KawKaw Rating: 4/5
Cast: Manoj Bajpayee, Rajkummar Rao, Ashish Vidyarthi
Homosexuality is an issue not often discussed in India. But of late it has been in media quite a lot especially since 2010 when the Delhi High Court read down the controversial section 377 of the Indian Penal Code which seeks to criminalize same sex acts and then in 2013 when the same was overturned by the Supreme Court of India. While homosexuality his being accepted increasingly across the world, India somehow lags behind in this respect. Now Hansal Mehta has come up with a heart touching film on a real life character to show the daily harassment and humiliation that a gay man has to go through in this country.

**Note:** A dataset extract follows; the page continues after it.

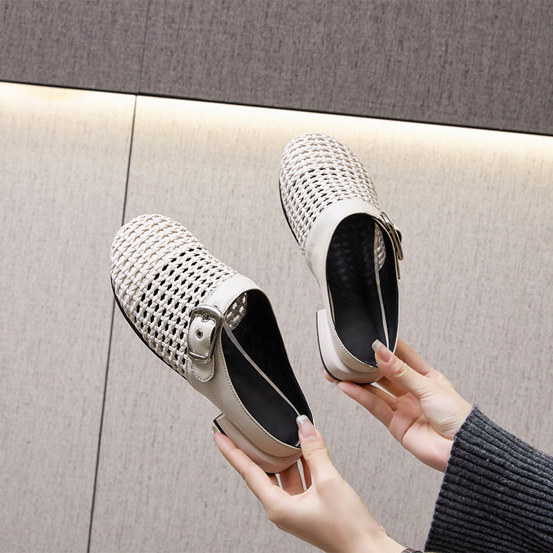 Women's Closed Toe Woven Korean Buckle Outer Sandals

Aligarh talks about Professor Siras and how he was hounded when he was caught having sex with another man. In the film Aligarh, Manoj Bajpayee plays the role of Prof Siras while role of Deepu Sebastian the journalist who broke the story, is played by Rajkumar Rao.

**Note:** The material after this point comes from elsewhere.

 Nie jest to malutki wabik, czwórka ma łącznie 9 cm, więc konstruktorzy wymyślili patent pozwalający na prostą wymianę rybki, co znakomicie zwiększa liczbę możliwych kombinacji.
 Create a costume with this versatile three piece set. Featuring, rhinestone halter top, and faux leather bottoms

Even before its release, the film has had its share of controversies when it was given an A certificate by the censor board and Hansal Mehta and censor chief Pahlaj Nihalani engaged in a public tu-tu main-main. Nihalani’s argument, howsoever idiotic it was, was that homosexuality is not a subject children should be exposed to. But we can vouch that the film does NOT promote homosexuality. It instead talks about human rights, right to privacy and equality as well as democracy including gays.
Anyways, let’s come back to the film. Manoj Bajpayee perfectly plays the role of a lonely and shy man who loves his university and his whiskey at home. He lives a pretty much lone life, only to be broken by a local TV journalist who breaks into his room to film him during his sexual encounter with a rickshaw puller at the behest of his colleagues. Caught in the web of jealousy and lies after getting promoted as the head of department, one dialogue in the film perfectly sums up Siras’s predicament, “Bahar ka admi mana jata hu, Shadishuda logo ke beech akela rehta hu, Urdu bolne wale sheher mein Marathi seekhata hun (I’m considered an outsider, I live alone among married couples, and I teach Marathi in an Urdu speaking community).” Just as it happens in India, university refuses to stand by Siras and takes action against him by expelling him from the campus he so loved.
The best thing about this film and also the thing that separates it from other such movies is the fact that it portraits Siras’s life and the injustice done to him without any hard hitting dialogues. It’s almost like watching a silent movie given the loud dialogues that one gets to hear these days in most of the films. The story is narrated beautifully by the director backed up by some really strong performance by Manoj Bajpayee and Rajkumar Rao.
As far as the issue of homosexuality is concerned, the film successfully tackles it and brings out the human side to the issue. Full marks to Hansal Mehta for Aligarh.